Great Barrier Reef
A tourist snorkels above coral in the lagoon located on Lady Elliot Island on the Great Barrier Reef in this file photo. A 60-year-old British man died on Friday while diving on the reef REUTERS/David Gray/File Photo

A 60-year-old British tourist died on Friday, (18 November) while diving on the Great Barrier Reef, the third person to die this week at Australia's popular tourist attraction.

The British man was reportedly found without a breathing device during a certified scuba dive at Agincourt Reef, about 100km north of Cairns. The crew on board the vessel Silversonic tried to revive him with a defibrillator and contacted emergency services, a spokesperson for Queensland ambulance service said.

The man, whose name has not been released yet, was travelling with his wife and had visited the Great Barrier Reef with tour operator called Quicksilver, Cairns Post reported. On Wednesday, two French tourists, Jacques Goron, 76, and Danielle Franck, 74 died on the reef from cardiac arrests while snorkelling at Michaelmas Cay, which is near Cairns.

Colonel McKenzie from the Association of Marine Park Tourism Operators said, "It is really unusual but I'm kind of at a loss."

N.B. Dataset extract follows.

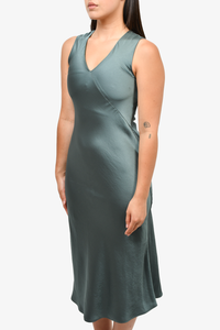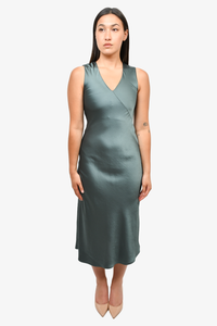 Matteau Khaki Green Silk Sheer Tiered Maxi Dress Size 6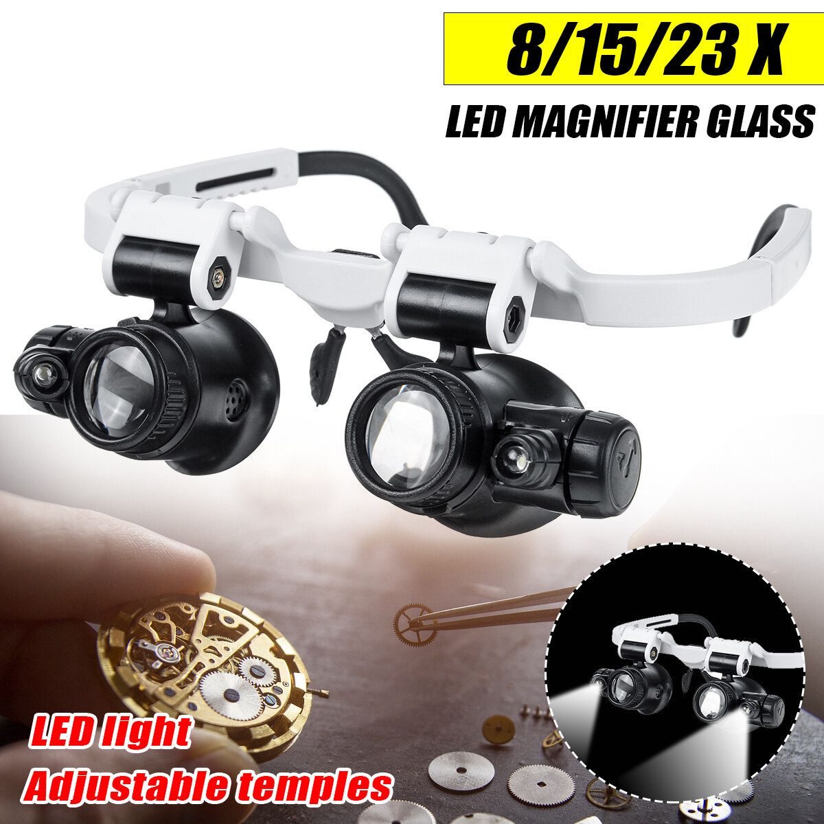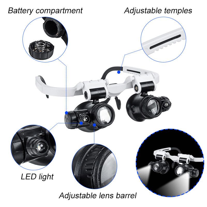 Left and right binocular magnifier/magnifying glass with adjustable LED.

He added saying, "I don't think I've seen anything like this in so long, and you look and think, what can we learn from this?"

"It is really difficult to see how we could have done anything else, to be perfectly frank," he said, according to The Guardian. He added that the last wave of tragedies at the reef date back to the late 1980s which prompted changes for dive operators. The changes included advanced medical aids, defibrillators and oxygen equipment to be available on the vessels.

"The worldwide average for people having a fatality when diving is one fatality per 100,000 dives. In Queensland, we have one fatality for 450,000 dives – so we have a record that is four and a half times better than the worldwide industry average," McKenzie added.